→ **TASK DETAILS**: The task calls for the lines below from the line with "Красная и белая" to the line with "インドの職人がハンドペイント", both ends included, copied exactly, without any pictures.

→ **GIVEN RECORDS**:
*-*-*
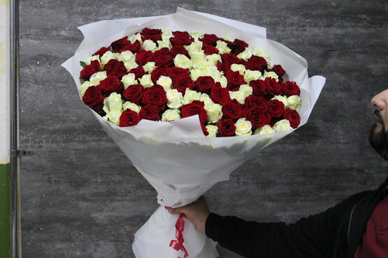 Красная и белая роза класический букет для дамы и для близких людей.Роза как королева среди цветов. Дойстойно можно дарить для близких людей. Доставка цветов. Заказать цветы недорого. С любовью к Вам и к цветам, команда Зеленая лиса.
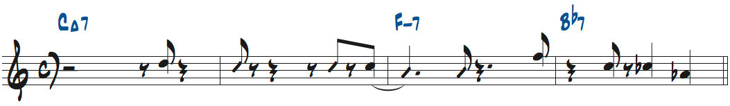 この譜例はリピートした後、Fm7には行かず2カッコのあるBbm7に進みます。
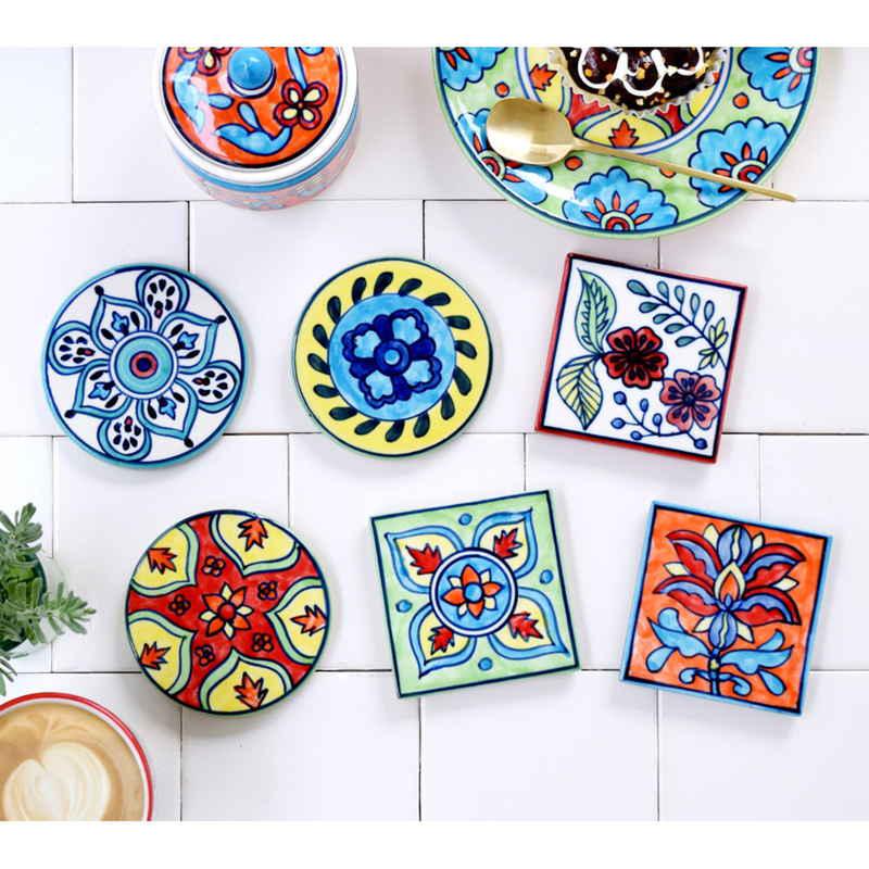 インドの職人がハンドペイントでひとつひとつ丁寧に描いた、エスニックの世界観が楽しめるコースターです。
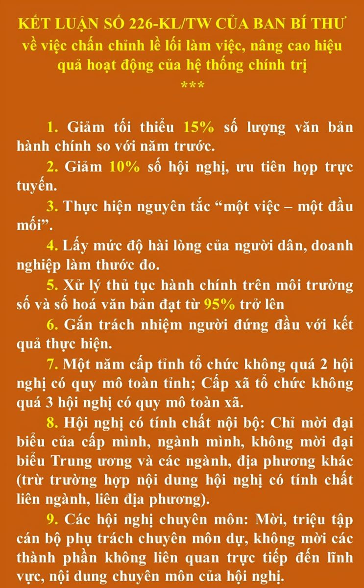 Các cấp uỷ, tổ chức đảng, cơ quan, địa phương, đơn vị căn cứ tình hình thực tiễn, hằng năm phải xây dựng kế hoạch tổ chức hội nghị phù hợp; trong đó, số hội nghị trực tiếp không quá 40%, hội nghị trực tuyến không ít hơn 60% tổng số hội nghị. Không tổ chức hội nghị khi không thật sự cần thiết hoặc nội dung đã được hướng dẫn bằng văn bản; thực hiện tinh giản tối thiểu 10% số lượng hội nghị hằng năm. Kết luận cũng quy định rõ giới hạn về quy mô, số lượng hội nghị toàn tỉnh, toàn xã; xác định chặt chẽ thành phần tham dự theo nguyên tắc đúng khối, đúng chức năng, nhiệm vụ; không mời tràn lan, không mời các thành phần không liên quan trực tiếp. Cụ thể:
*-*-*
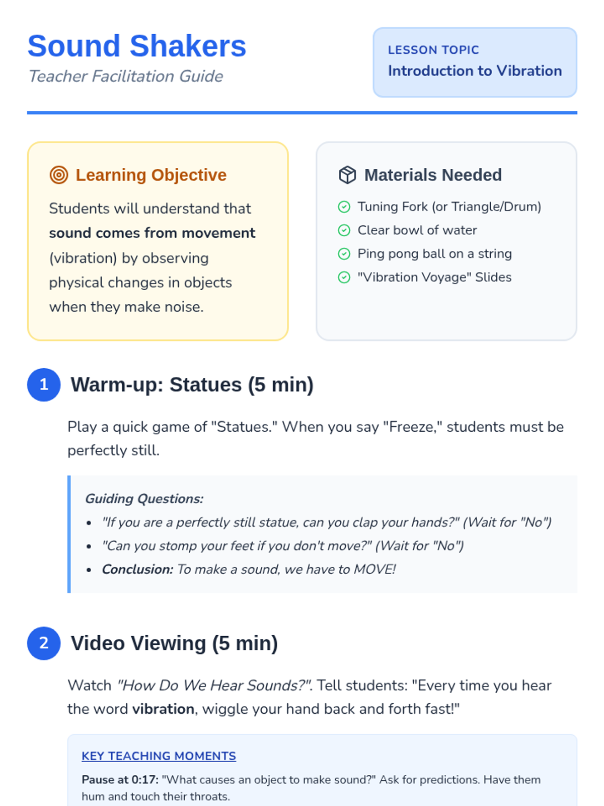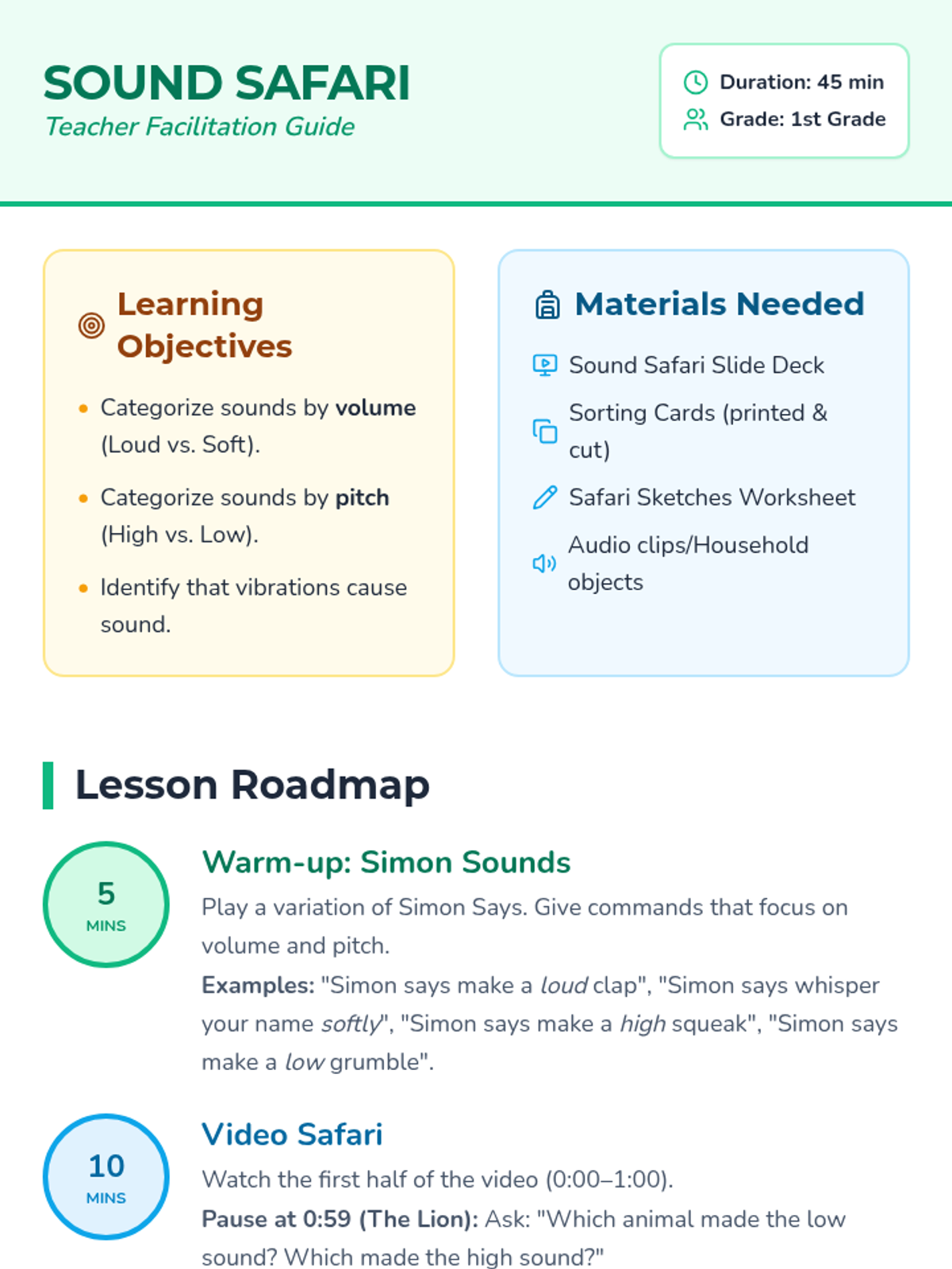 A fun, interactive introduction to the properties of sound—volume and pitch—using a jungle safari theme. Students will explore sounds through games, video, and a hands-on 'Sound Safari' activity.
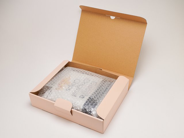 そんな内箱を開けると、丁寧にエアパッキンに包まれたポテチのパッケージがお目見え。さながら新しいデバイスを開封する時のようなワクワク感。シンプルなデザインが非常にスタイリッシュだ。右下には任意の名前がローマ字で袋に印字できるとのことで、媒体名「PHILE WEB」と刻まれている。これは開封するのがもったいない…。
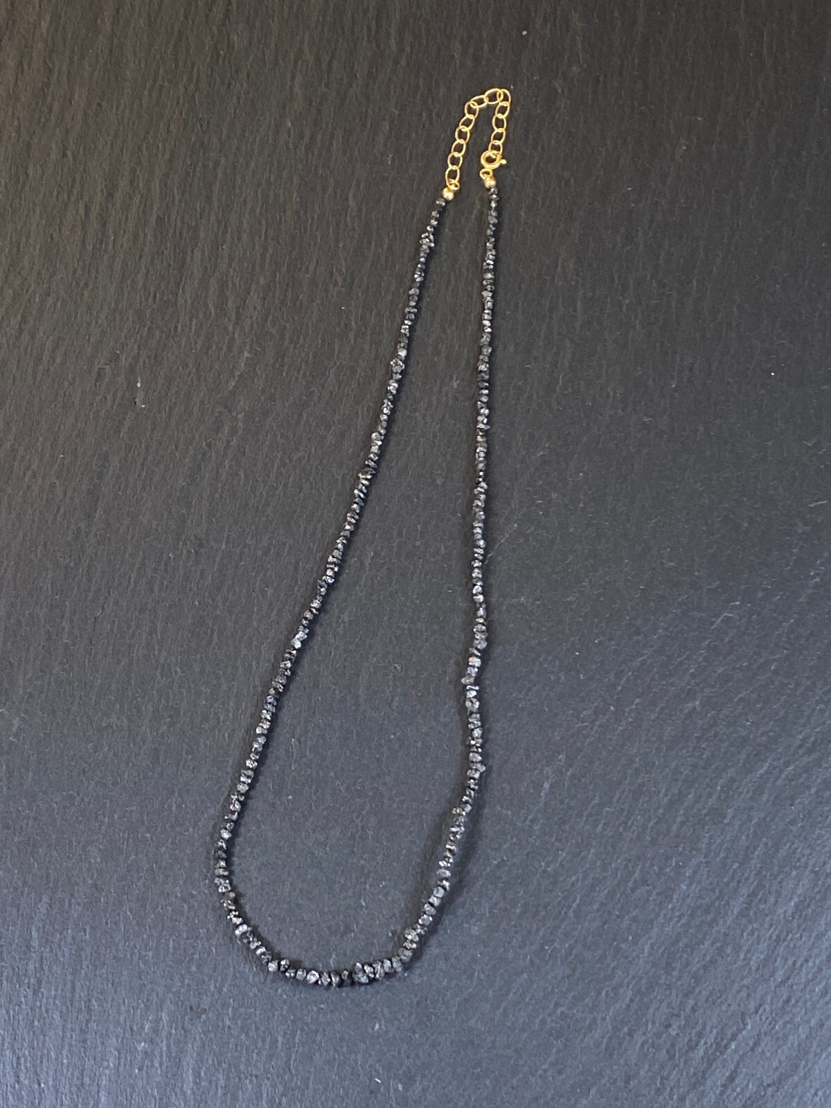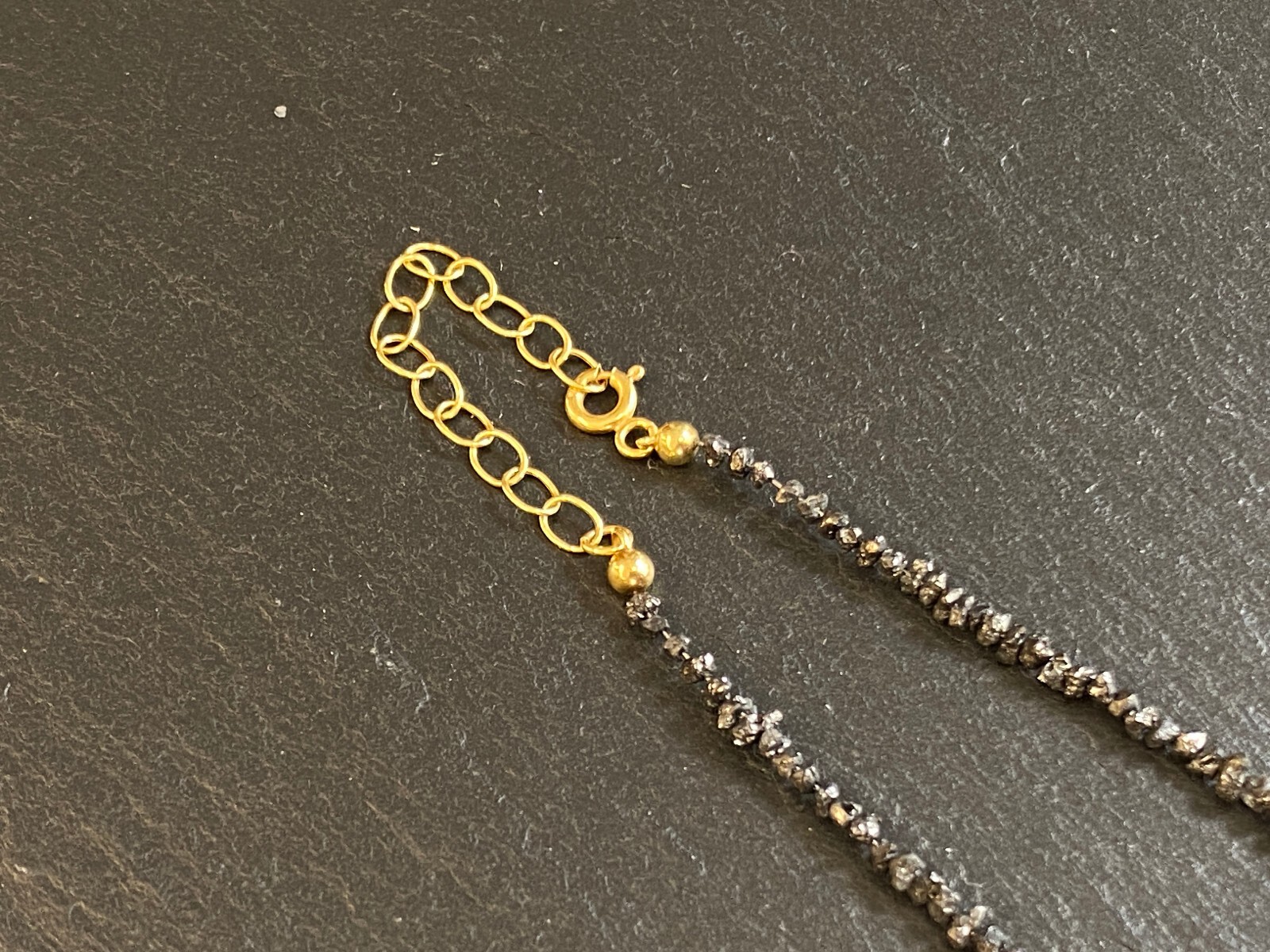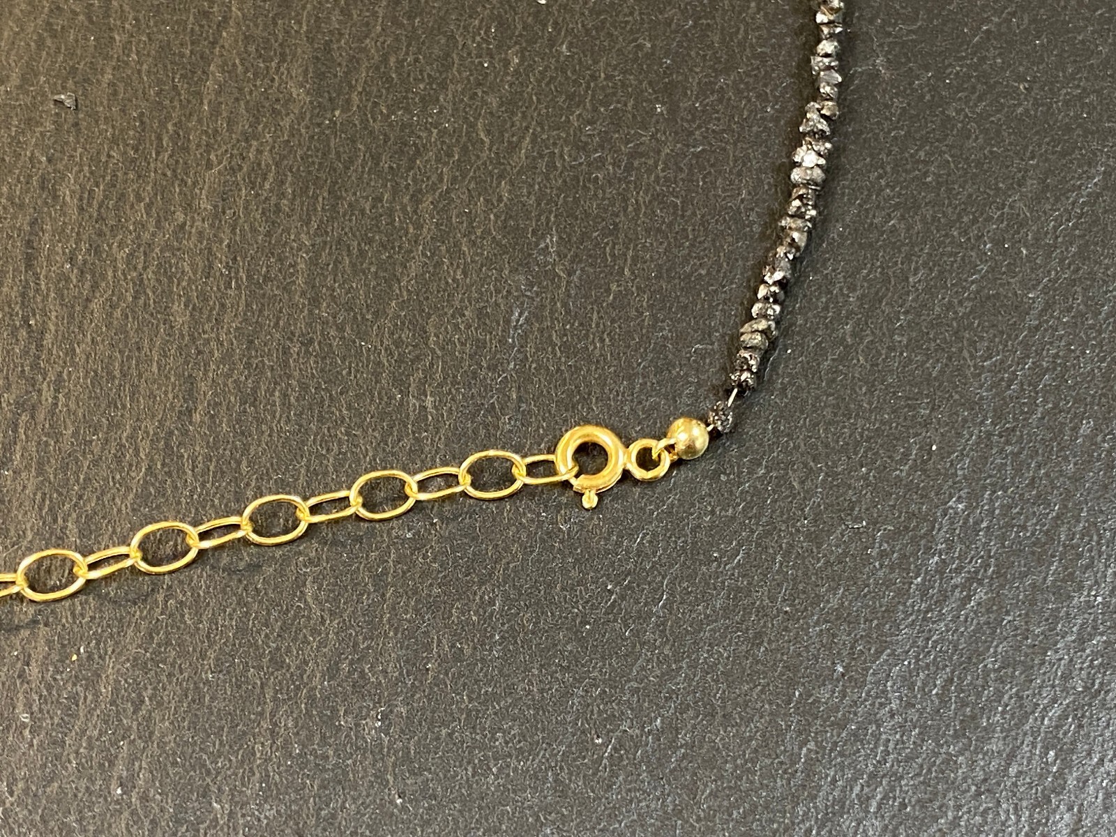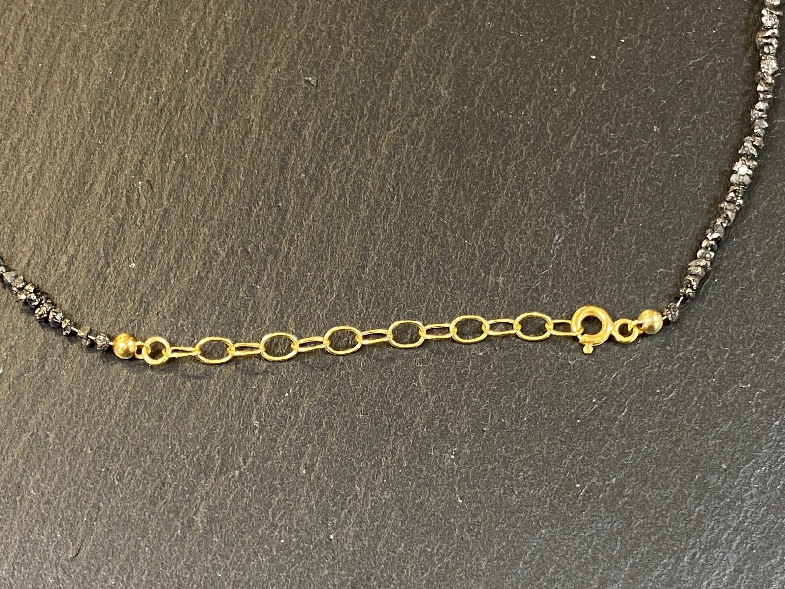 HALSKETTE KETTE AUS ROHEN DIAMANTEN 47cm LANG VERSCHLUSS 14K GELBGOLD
*-*-*
→ **TASK RESPONSE**:
 Красная и белая роза класический букет для дамы и для близких людей.Роза как королева среди цветов. Дойстойно можно дарить для близких людей. Доставка цветов. Заказать цветы недорого. С любовью к Вам и к цветам, команда Зеленая лиса.
 この譜例はリピートした後、Fm7には行かず2カッコのあるBbm7に進みます。
 インドの職人がハンドペイントでひとつひとつ丁寧に描いた、エスニックの世界観が楽しめるコースターです。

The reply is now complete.